In the summer of 1981 George Rademacher, president of RAD and VIKING, became involved in the development of the spreader arm of the rescue tool through his association with Stein, who produced it for FEDESCO. After a prototype spreader arm was tested in September 1981, negotiations concerning production of the rescue tool began. Weigand wished to produce the rescue tool as cheaply as possible, and, when negotiations broke down in December 1981, Weigand sent Stein a letter withdrawing all prior offers and requesting the return of the drawings and other materials related to the project. Further attempts to resolve the differences between Weigand and Stein were unsuccessful. In June 1982, Weigand learned that VIKING was promoting a spreader and cutter which were the same as those developed for FEDESCO by Stein, and that a pamphlet promoting the VIKING rescue tools was published by RAD.

The trial court found for plaintiffs and, after a hearing on damages, awarded compensatory damages under counts I, II, III, and IV in the amount of $188,000 and, in addition, awarded plaintiffs $883,080 in punitive damages under counts III and IV. Defendants were enjoined from making or selling rescue tools which utilized the parts or features claimed by plaintiffs.

Defendants contend first that the trial court erred in striking their sixth affirmative defense, which was based upon the alleged arbitration proceeding. They argue that none of the plaintiffs’ arguments made in the trial court preclude the sixth affirmative defense, and the court should not have made a determination of factual issues without proper evidence. The plaintiffs respond that the church proceedings did not involve Rademacher and thus could not have been an arbitration of all the matters in this case. The plaintiffs also point to the affidavit of John H. Ponting, which they filed in support of their section 2 — 619 motion to dismiss the affirmative defense, as evidence that the church proceedings did not constitute an arbitration.

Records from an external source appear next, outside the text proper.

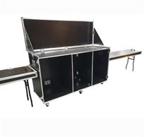 Triple fridge hospitality flight case with stand alone / twin side tables.
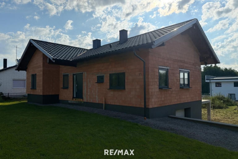 Modern geplanter Bungalow mit einer Wohnnutzfläche von ca. 128 m², einem Kellergeschoss von ca. 100 m² auf einem 1372 m² großen Grundstück. Die Immobilie befindet sich in einer ruhigen Siedlungslage in Südostausrichtung, als eines von mehreren Häusern einer Wohnsiedlung nahe Unterbruck in der Marktgemeinde Prambachkirchen.
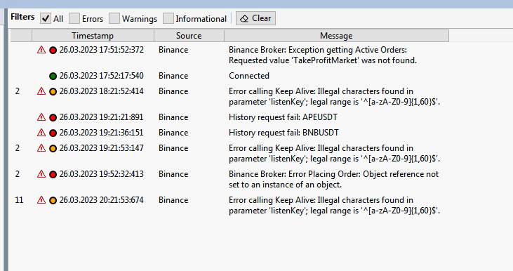 Left the strategy run overnight , some new errors appeared in log viewer :
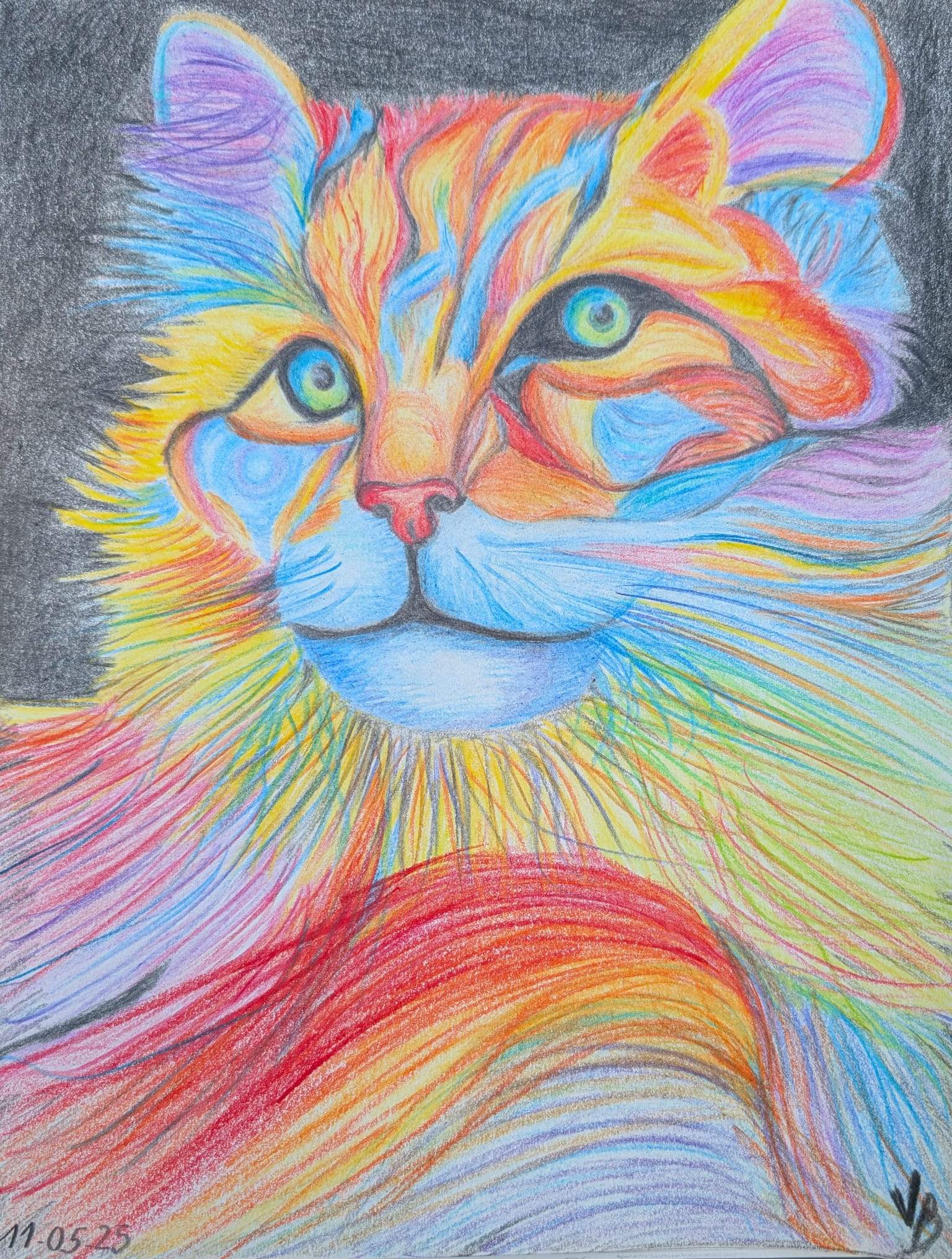 Inspiration du moment. Pas de pinceau et de peinture à disposition alors j'ai utilisé mes crayons de couleur :)
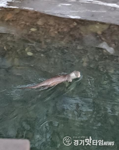 [경기핫타임뉴스=김삼영 기자] 군포시의 대표 휴식처인 반월호수에 멸종위기 야생생물 1급이자 천연기념물인 ‘수달’이 모습을 드러냈다.
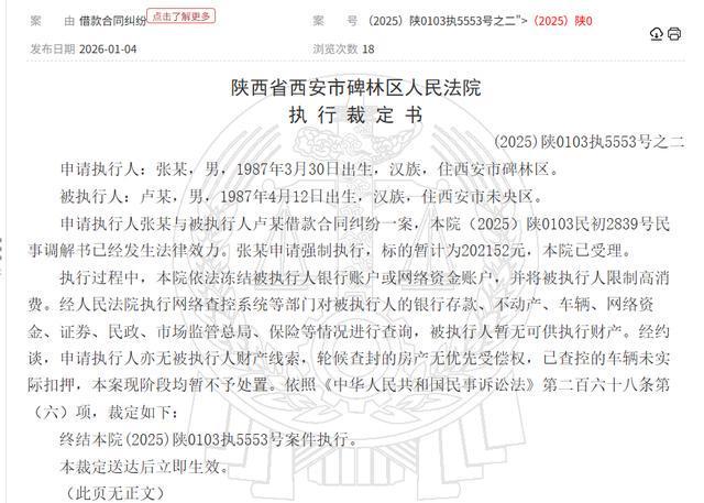 华商报大风新闻记者从中国裁判文书网查询到,《碑林区法院执行裁定书》【(2025)陕0103执5553号之二】显示,2025年12月15日,张某申请强制执行,被执行人卢某,标的暂计为202152元,本院已受理。
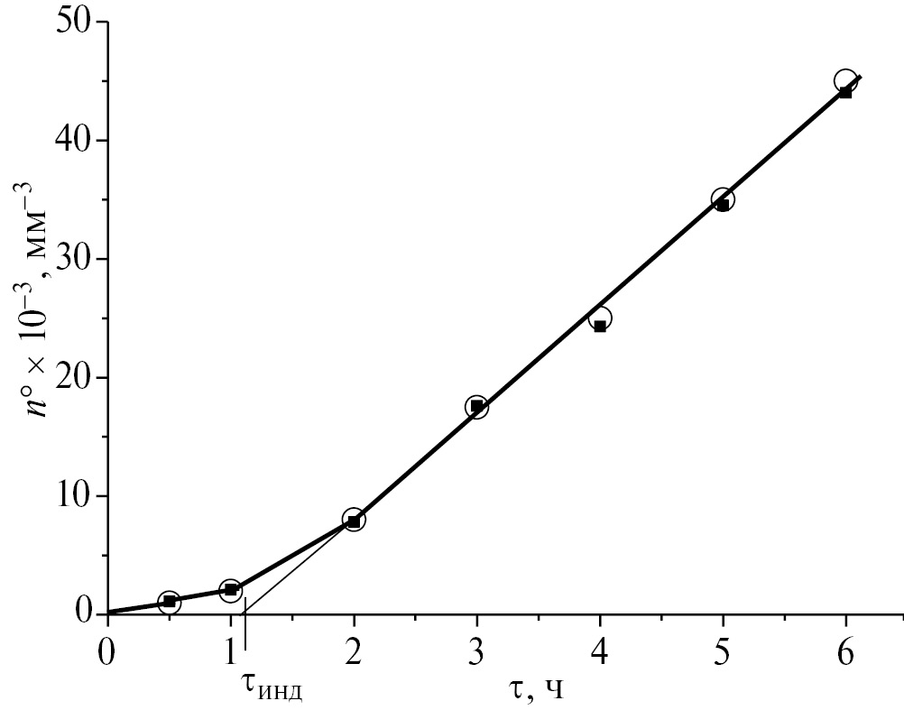 Гомогенное зарождение кристаллов. В отсутствие фоточувствительных примесей в стекле дисиликата лития реализуется гомогенное зарождение кристаллов, как и в стекле этого состава с фоточувствительными примесями без облучения, в стекле с примесью серебра без церия при УФ-облучении, а также в стекле с церием при рентгеновском облучении [32]. Главными характеристиками образования кристаллов в стеклах в условиях гомогенного и гетерогенного зарождения являются скорость стационарного зарождения Iст=dn/dτ на линейном участке зависимости n(τ) и его индукционный период τинд, равный отрезку, отсекаемому на оси времени продолжением линейного участка зависимости n(τ).
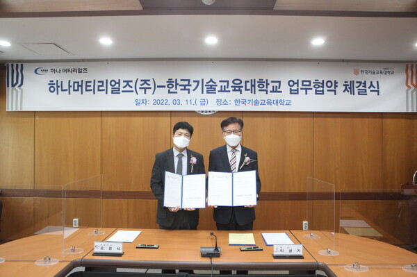 이성기(오른쪽) 한국기술교육대 총장과 오경석 하나머터리얼즈 대표이사가 업무협약서를 들고 기념촬영을 하고 있다. 사진=한국기술교육대 제공
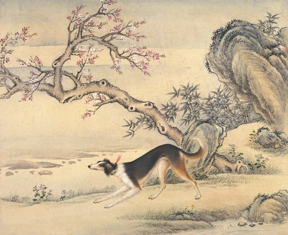 Ignatius Sichelbart really did exist, and really was one of the Jesuits who painted at the Qing court, alongside the better-known Giuseppe Castiglione 郎世寧; he even produced paintings of the Qianlong Emperor’s favorite hunting hounds. The cat portraits look more or less like (my impression of) Castiglione’s style, a fusion of European and Chinese techniques that one very talented Chinese painter friend finds absolutely enraging, but less, to my untrained eye, like Sichelbart’s paintings of the hounds — though some of that could be the lack of a background in the cat portraits, and more of it could just be me not knowing anything.
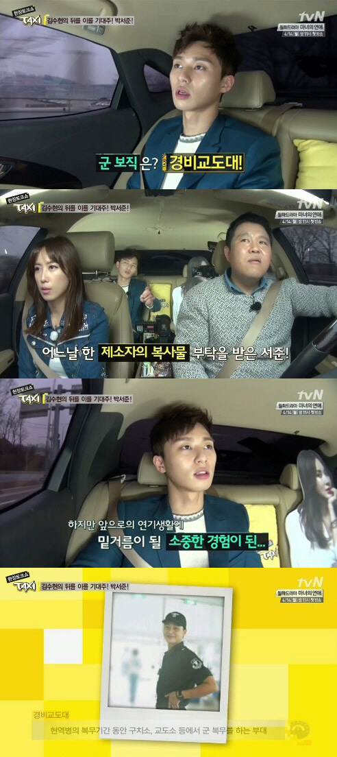 이날 박서준은 과거 군시절을 언급하며 "군 복무를 교도대에서 했는데 난 내가 헌병으로 빠질 줄 알았다. 하지만 청주교도소로 배정 받았다"라면서 "엄마가 면회 오려면 교도소로 와야 되는구나 생각했다"고 말했다.
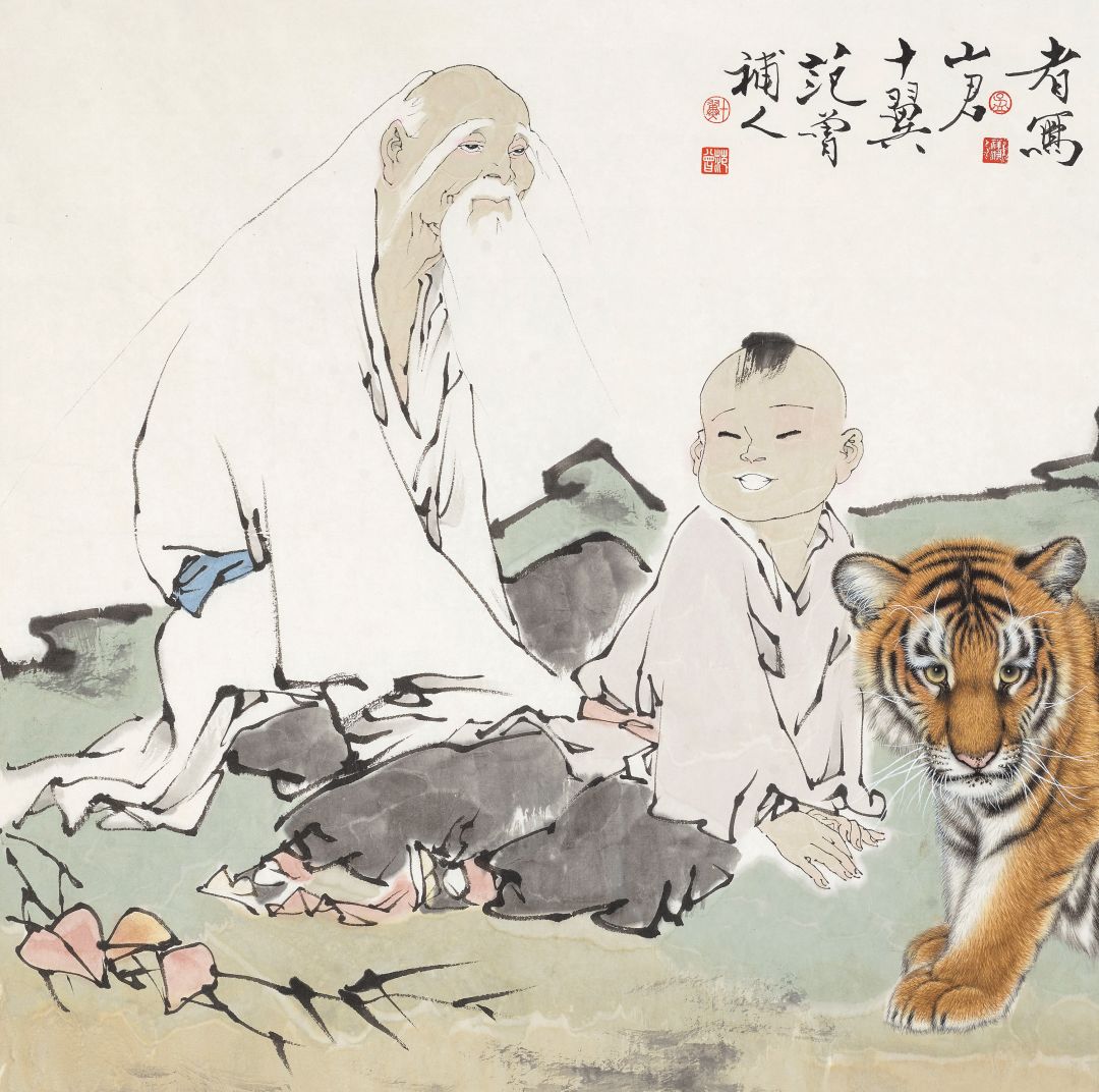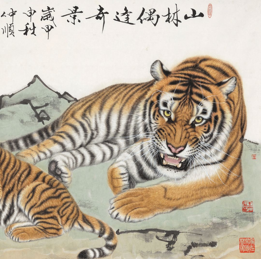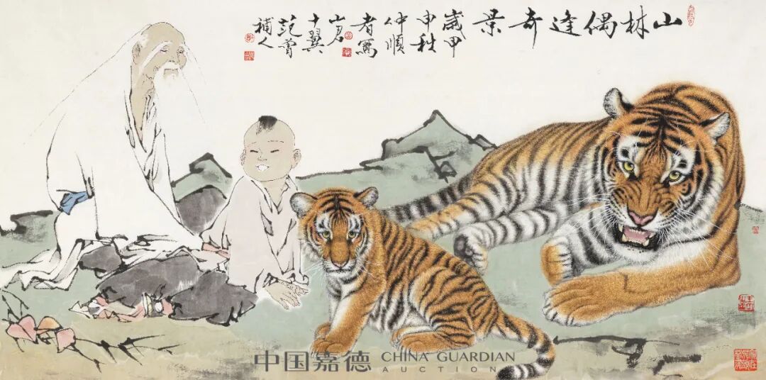 题识:山林偶逢奇景。岁甲申秋仲顺者写。山君十翼范曾补之。
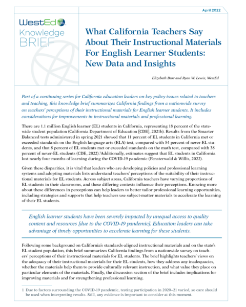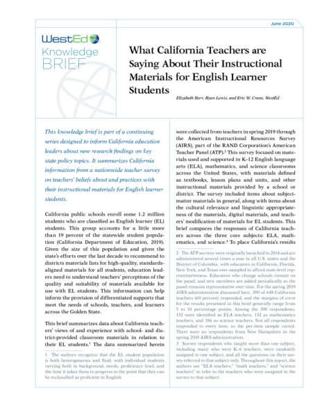 - What California Teachers Are Saying About Their Instructional Materials for English Learner Students
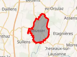 The municipality is located in the southern Gros-de-Vaud area. It consists of the village of Boussens and the hamlets of Chevrine and Grange aux Aguet.

There are issues raised by defendants’ first contention which the *675parties do not directly address in their briefs. It must first be determined whether arbitration is a proper affirmative defense and, if it is, whether a plaintiff may challenge an affirmative defense by use of section 2 — 619 of the Code of Civil Procedure. Ill. Rev. Stat. 1985, ch. 110, par. 2 — 619.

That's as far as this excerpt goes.